В эту же ночь, с двадцать третьего на двадцать четвертое, когда я уже была в постели, пришли Ивановы поздравить нас с Нобелевской премией. Я даже не встала, и когда они стояли на пороге моей спальни, я им сказала, что не предвижу ничего хорошего и все будет очень страшно. Они меня успокаивали, говорили, что я не понимаю этой чести, и даже если здесь будут неприятности, то все равно – это все заслуженно. Какое-то предчувствие говорило мне, что это будет его концом. Разве они понимали, как я хотела, чтобы Боря подольше жил, побольше работал, и как дорога мне его жизнь! Всем своим существом я поняла, что теперь заварится каша и вокруг этого дела начнется холодная война, тут будут бить его, а на Западе этим пользоваться в своих интересах.
Двадцать четвертого утром, в ожидании гостей по случаю именин, я занялась пирогами. Вошел Федин и зло ухмыльнулся, покосясь на мои пироги. Он отлично знал про Зинаидин день, бывая ежегодно в числе гостей. Но тут он, видно, забыл про именины и решил, что праздноваться будет премия. Он сухо со мной поздоровался, забыв меня поздравить с именинами и с премией, чем очень удивил меня, так как это был человек почти европейски воспитанный.

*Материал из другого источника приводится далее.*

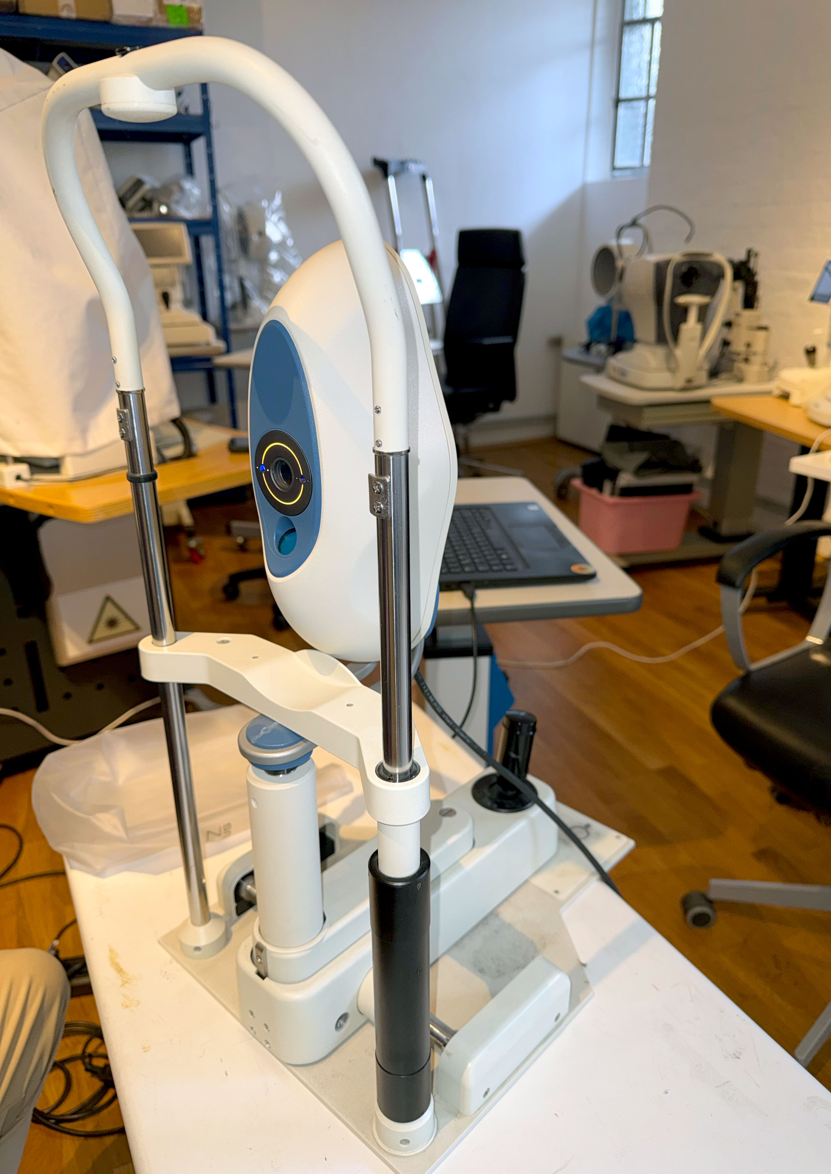 Included: Oculus Pachycam device, Pachycam software V. 115r, Power supply, USB connection cable, Chin rest, and base plate. In the best condition.

Он прошел к Боре в кабинет, и там состоялось короткое, но шумное объяснение. Не зная о содержании беседы, я не удержалась и, когда он уходил, спросила его, что же он не поздравил нас с премией, разве он не знает о ней? «Знаю, – ответил он, – положение ужасное!» «Для Союза писателей? – спросила я. – Да, я понимаю, для Союза все вышло неудобно».
Боря спустился злым и возмущенным и рассказал, что Федин приходил убедить его отказаться от премии[97], тогда все будет тихо и спокойно, а если не откажется, то начнутся неприятные последствия, которых он, Федин, не сможет предотвратить.
Боря говорил, что ни в коем случае не откажется и не верит, что это предотвратит неприятности. С утра в этот день стали прибывать поздравительные телеграммы и приезжать корреспонденты. В их числе оказался русский фотокорреспондент А.В. Лихоталь, который в эти тяжелые дни стал часто у нас бывать. В этот же день к нам пришел Корней Иванович Чуковский, и его тоже стали фотографировать. <…>
Двадцать четвертого все было благополучно и тихо. Боря был занят целый день чтением телеграмм, не только из-за границы, но и от русских. Сельвинский, например, написал о своей радости и гордости по поводу премии, которую он считал вполне заслуженной. Было несколько телеграмм из Грузии.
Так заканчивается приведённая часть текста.